'''

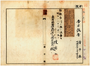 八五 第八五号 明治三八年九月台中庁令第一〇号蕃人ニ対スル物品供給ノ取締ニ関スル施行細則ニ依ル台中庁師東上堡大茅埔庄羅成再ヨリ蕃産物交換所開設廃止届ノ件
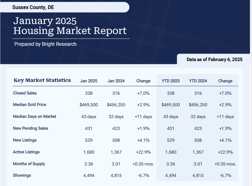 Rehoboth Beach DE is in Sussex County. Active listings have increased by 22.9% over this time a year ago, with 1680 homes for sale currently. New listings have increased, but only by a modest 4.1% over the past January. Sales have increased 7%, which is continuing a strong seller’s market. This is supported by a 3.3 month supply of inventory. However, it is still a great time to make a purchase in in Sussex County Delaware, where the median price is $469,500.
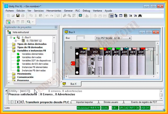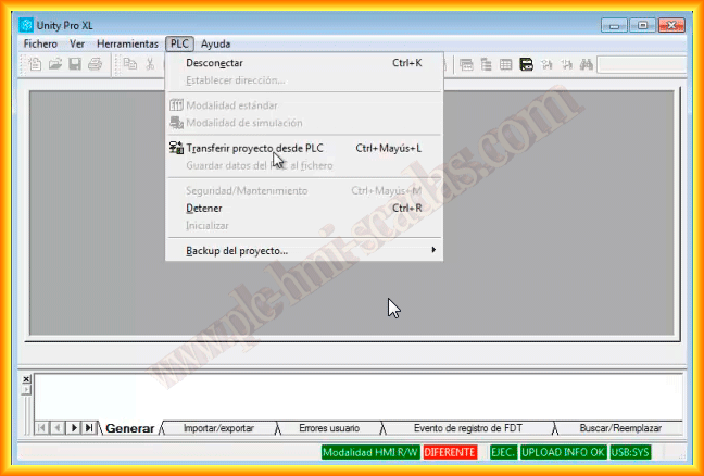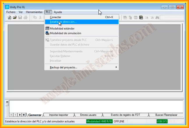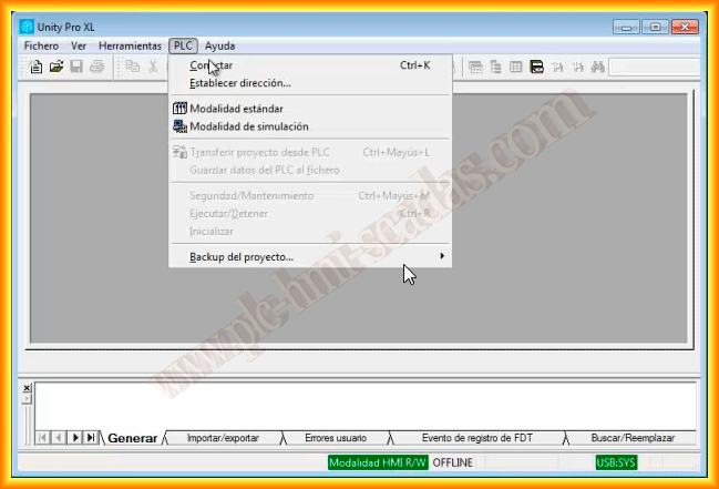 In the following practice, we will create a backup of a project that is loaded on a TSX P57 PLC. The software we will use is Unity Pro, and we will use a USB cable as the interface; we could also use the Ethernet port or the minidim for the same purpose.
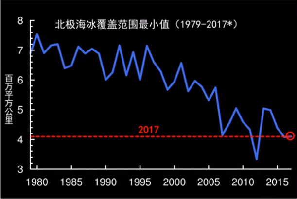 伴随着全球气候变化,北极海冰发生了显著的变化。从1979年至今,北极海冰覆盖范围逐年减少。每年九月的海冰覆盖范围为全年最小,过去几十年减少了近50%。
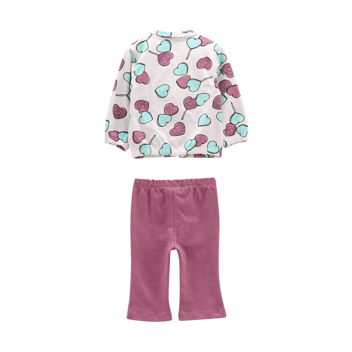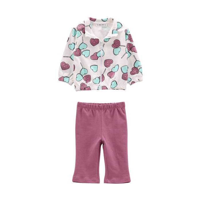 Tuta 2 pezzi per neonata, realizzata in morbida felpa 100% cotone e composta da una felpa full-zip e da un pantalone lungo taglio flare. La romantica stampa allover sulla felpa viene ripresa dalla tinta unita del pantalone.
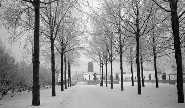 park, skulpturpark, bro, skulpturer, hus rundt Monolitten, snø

'''

Aim of the task
Only the lines from the one containing "Tuta 2 pezzi" through the last line of the data may appear in the answer, each given again exactly and with pictures left out.

The completed task
 Tuta 2 pezzi per neonata, realizzata in morbida felpa 100% cotone e composta da una felpa full-zip e da un pantalone lungo taglio flare. La romantica stampa allover sulla felpa viene ripresa dalla tinta unita del pantalone.
 park, skulpturpark, bro, skulpturer, hus rundt Monolitten, snø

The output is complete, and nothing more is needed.